Seth Godin on the state of Apple's software - mgiannopoulos
http://daringfireball.net/linked/2016/10/24/godin-apple-software
======
hlfcoding
Apple definitely seems to have a larger software surface area than hardware,
where they tend to discontinue more frequently. Keep in mind the companies
Godin compares it to are focused on web services and only have one user-facing
product. It's an unfair comparison. Apple provides some of the best developer
tools and APIs. An essential software suite that just works is what I'm
looking for, and for the most part it's delivered.

------
dbg31415
Apple makes great hardware, no denying that. That's why my 3+ your-old laptop
holds up with features I still can't find our windows laptop.

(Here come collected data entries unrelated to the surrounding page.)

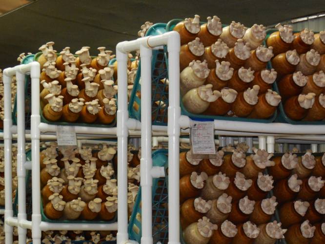 Mushrooms growing in their plastic jars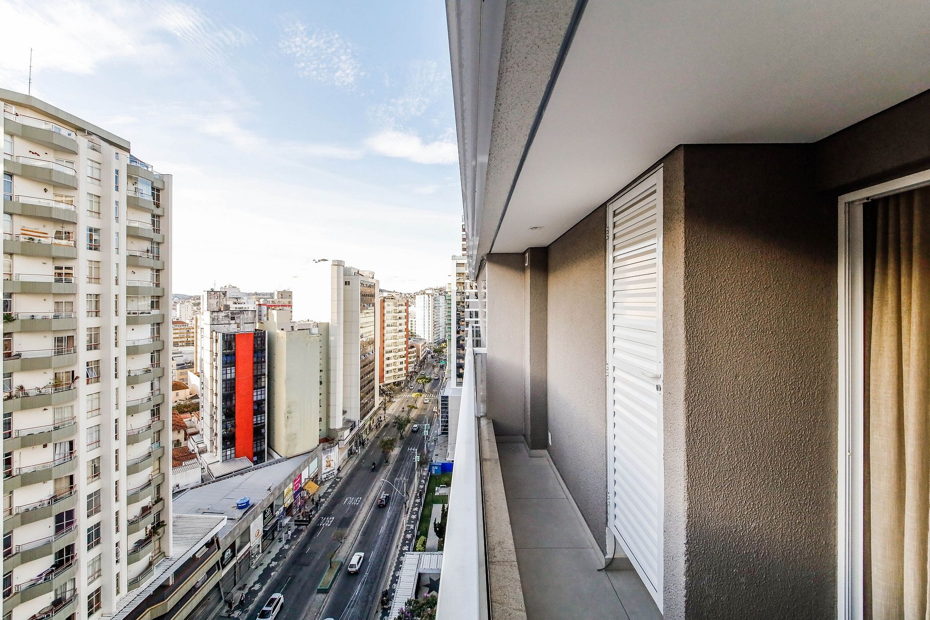 Espaço equipado para uma pessoa morar tranquilamente e com bastante conforto. Cozinha totalmente equipada com eletrodomésticos, equipamentos, etc. Sala com sofá e TV de 43 com tubo giratório, permitindo assistir TV deitado ou sentado no sofá. Varanda com vista para a Avenida Itamar Franco e Avenida Rio Branco. Tanque e armário para guardar equipamentos de limpeza. Banheiro com armário, box e chuveiro especial. Fechadura digital, com senhas, sem necessidade de chaves no apartamento e também no prédio.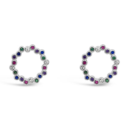 Gloria Multi Gem Sterling Silver Circle Stud Earrings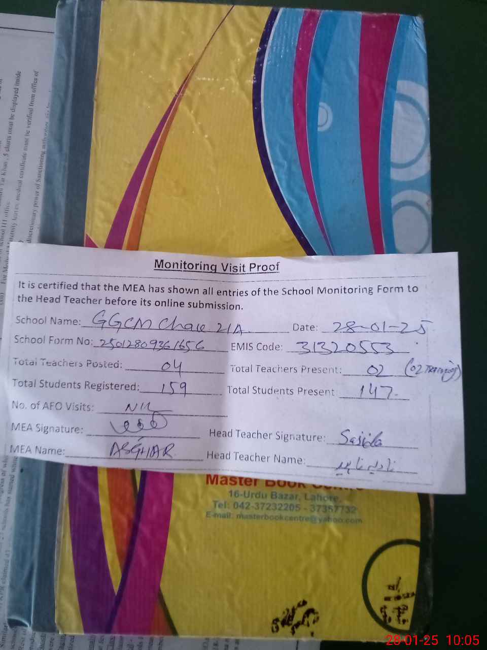 | EMIS Code: 31320553 | Name of School: GGCMS CHAK NO. 21/A | |||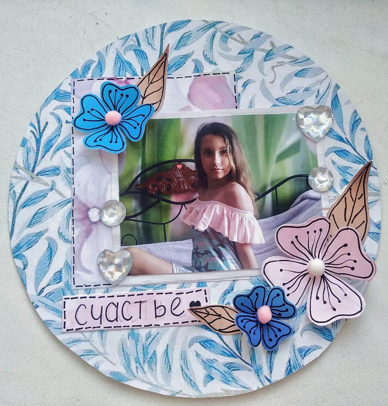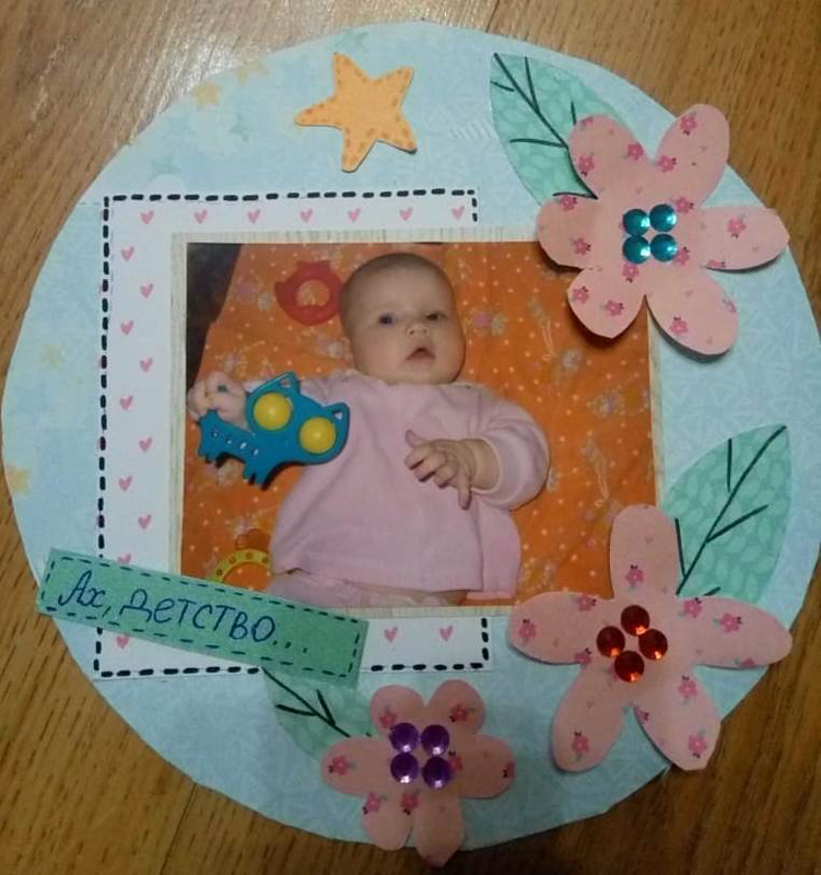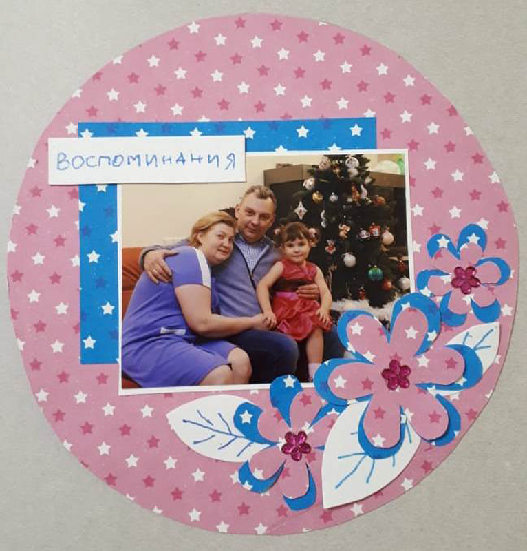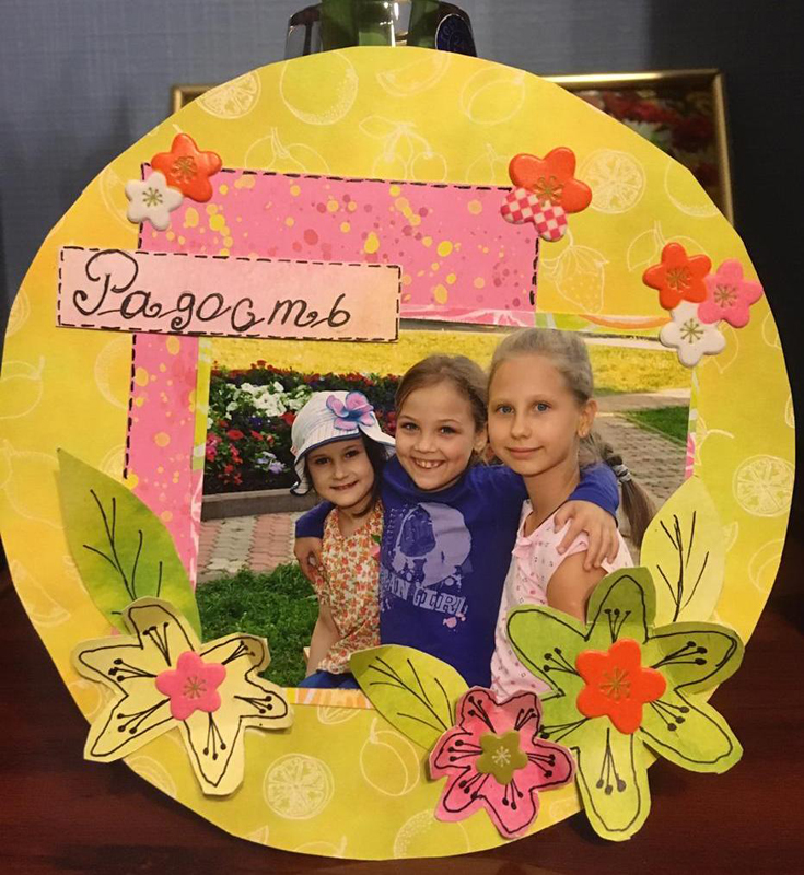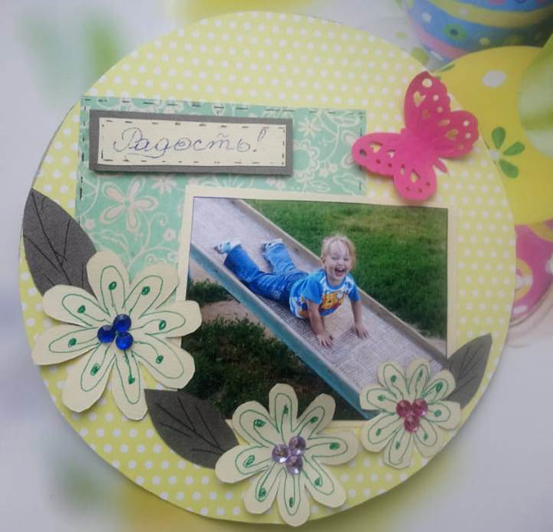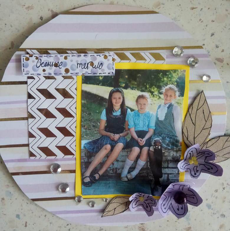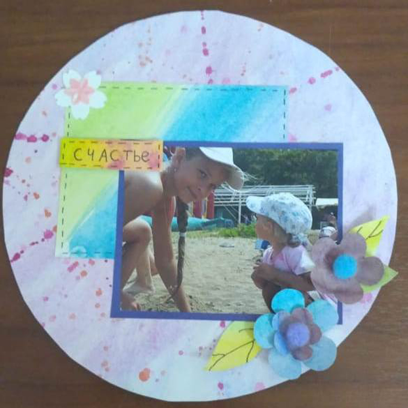 На этот раз рукодельницам предложили изготовить не только страницу альбома для фотографий, но и декоративные элементы. Цветы и листья для украшения фотоснимков нужно было сделать с нуля, то есть нарисовать эскиз, сделать из него шаблон, вырезать и нанести на цветок конкретные детали. Каждый цветочек следовало делать в определенном размере, учитывая цвет бумаги и фотографии, которую они украшают.

But regardless of what's in store, or any commentary on the direction after
Jobs, the last iOS and MacOS release go down in my mind as the buggiest Apple
UX I've ever seen.

Randomly my phone keyboard disappears, I can't delete messages from iChat
until I toggle to another message or scroll down then up, my screen saver
preferences were deleted, when I add a new virtual desktop it gets some random
mountain instead of my chosen background, a lot of my apps didn't work / load
on startup without being reinstalled...

Does seem like maybe Apple has bitten off more complexity than it can chew.
I'm not used to so many easily noticeable bugs in their software. They get a
new QA guy? Ha.

Side note: Apple 2FA is weird. Just weird. What I want is not to come up with
a new notification type... and if they can fill a website based on my 2FA
code... why can't it to that for iChat messages too? Or at least add a copy
button to the notification when it sees a code come in.

------
pyrophane
I just learned about Roon from this article, but I don't understand what makes
it worth $120/year. It appears to be a music player with apps, good device
streaming support, and a nice interface. I understand that a lot of software
is moving towards higher priced subscription models, but I don't see the added
value "service" that makes this worth such a high recurring fee.